I think there may be something equally important or possibly even more important as it pertains to how you perform as an F&I manager, and that is your mindset.
Mindset is different. Mindset is how you see the world and those around you. This F&I manager had a finance-customer mindset with a cash customer.
What I shared with him is that with a cash customer he needed to change his mindset to match the customer and the type of deal in front of him. I asked the F&I manager if he believed cash customers are different than finance customers. He said, “Yes, finance customers enroll in products. Cash customers don’t.” I laughed and explained that many times with a finance customer we talk with a different mindset about the products we offer. Our focus is on payment movement, affordability, budget and the customer’s ability to pay for an unexpected repair.
Cash customers are different. If he takes the same mindset with a cash customer, he will most likely miss the mark every time. The cash customer isn’t making payments. And if this customer can afford to write a check for the vehicle, he or she can afford to write a check for the repair, right? He agreed.

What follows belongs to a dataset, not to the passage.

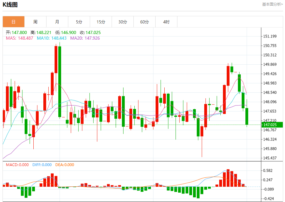 汇价高见148.213,低见146.890。上一交易日,汇价收于147.804。
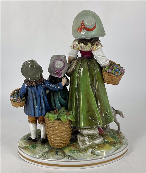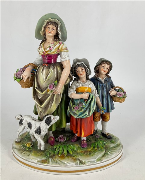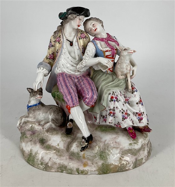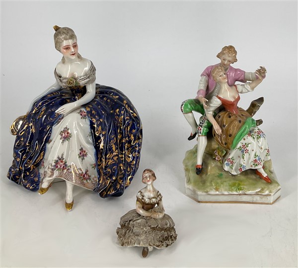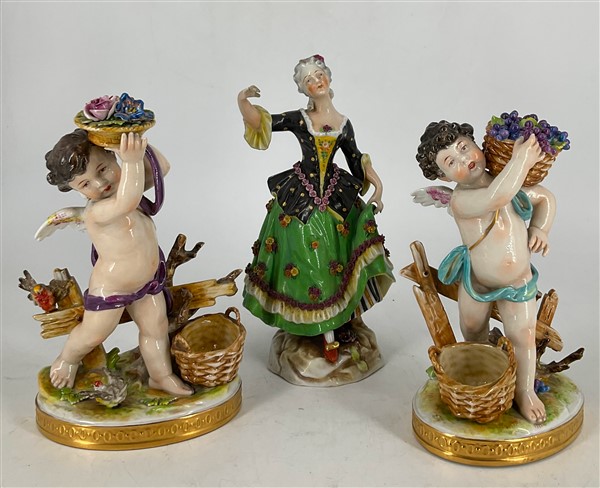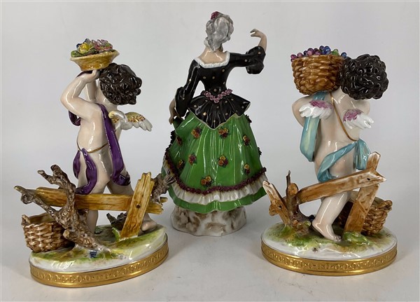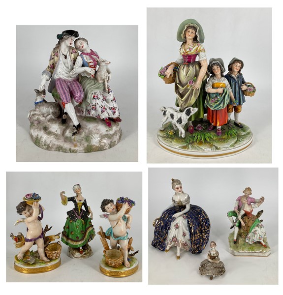 Manifatture differenti. Lotto in porcellana policroma composto da due gruppi con scene galanti, una scena pastorale, tre gentildonne e due putti con cesta d'uva e fiori (h max cm 28) (difetti e restauri)

That being the case, I suggested he think about what cash customers have in common. After some thought and more discussion, he narrowed it to two common characteristics his cash customers share. Those customers are usually successful people, and they are always in a hurry at delivery. I asked him that if that is true, which benefits of the products could he relate to as a successful person pushed for time.

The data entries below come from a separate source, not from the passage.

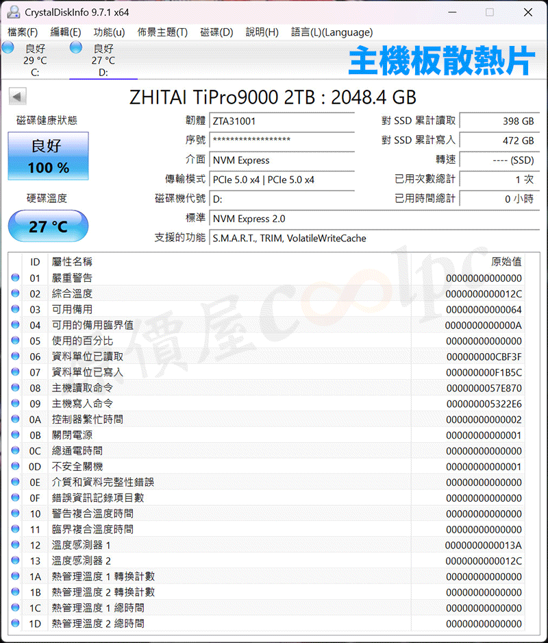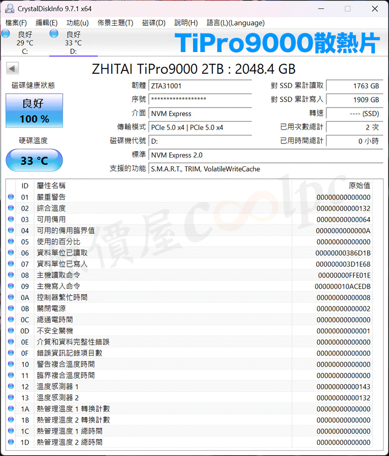 致態ZhiTai TiPro9000 2TB/Gen5/PCIe 5.0/讀14000/寫12500/DRAM/TLC【五年保】, $8999
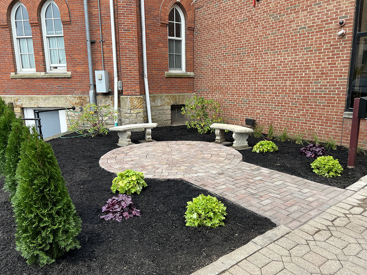 Outside of our glass atrium entrance we have a lovely prayer garden for folks to pause, sit, and take a few moments to commune with God.  This space is actually an Eagle Scout project completed by Trevor Sprow from Boy Scout Troop 64 in October 2023.  Trevor has given many hours of his time as a volunteer at Painesville United Methodist Church, so when it was time to think about his Eagle project it was a natural extension to offer his time and service toward a meaningful legacy here as well.  He worked closely with the PUMC Board of Trustees to plan appropriately for the space and then brought in fellow scouts and adult leaders from the Troop to bring the vision to life.  Now, we have a beautiful, mindfully-designed space to allow for peace and prayer in the midst of busy downtown Painesville!
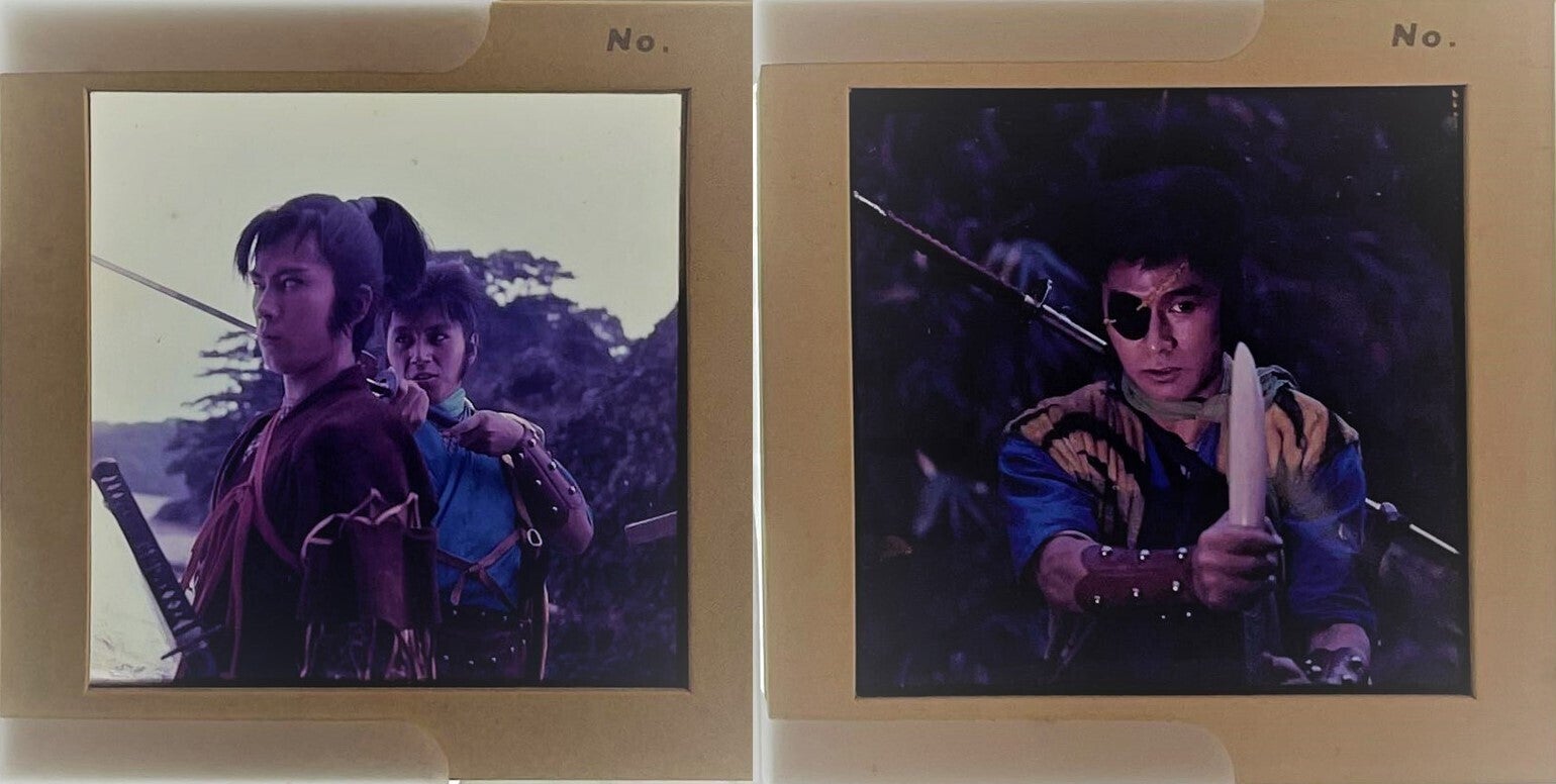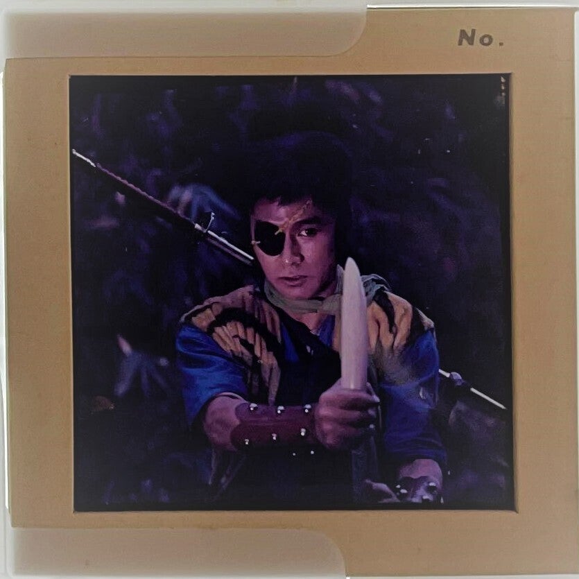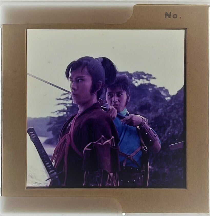 前回タイガージョーについて紹介しましたが、今回はその変身前ということで、虎錠之介を写したフィルムを2枚、紹介いたします。1枚目は第27話「大魔王ゴースン怒る!」の錠之介初登場のシーンと思われる写真。そして2枚目は第45話「抜け忍けもの道 怪人ハンザキ」終盤のシーンで撮影されたと思われる写真です。

He shared that maybe he should talk about convenience and saving time, obvious answers but a good place to start. We worked thorough it further, and he came up with some good ideas. He came to see that he should have the mindset that his cash customers would want to know why other cash customers like them, who in the past haven’t enrolled in any products, are starting to do so more frequently. He thought that he would start sharing that customers like them, due to inflation and the rapid increase in repair costs, are starting to move that risk to a third-party versus assume the risk like they have in the past. But most of all, he would share that a lot of his customers like the convenience and exclusivity that come with owning the coverage and not having to arbitrate their own repairs. (What can I say, he was a fast learner). If you want to change your attitude on cash deals like he did, start with your mindset.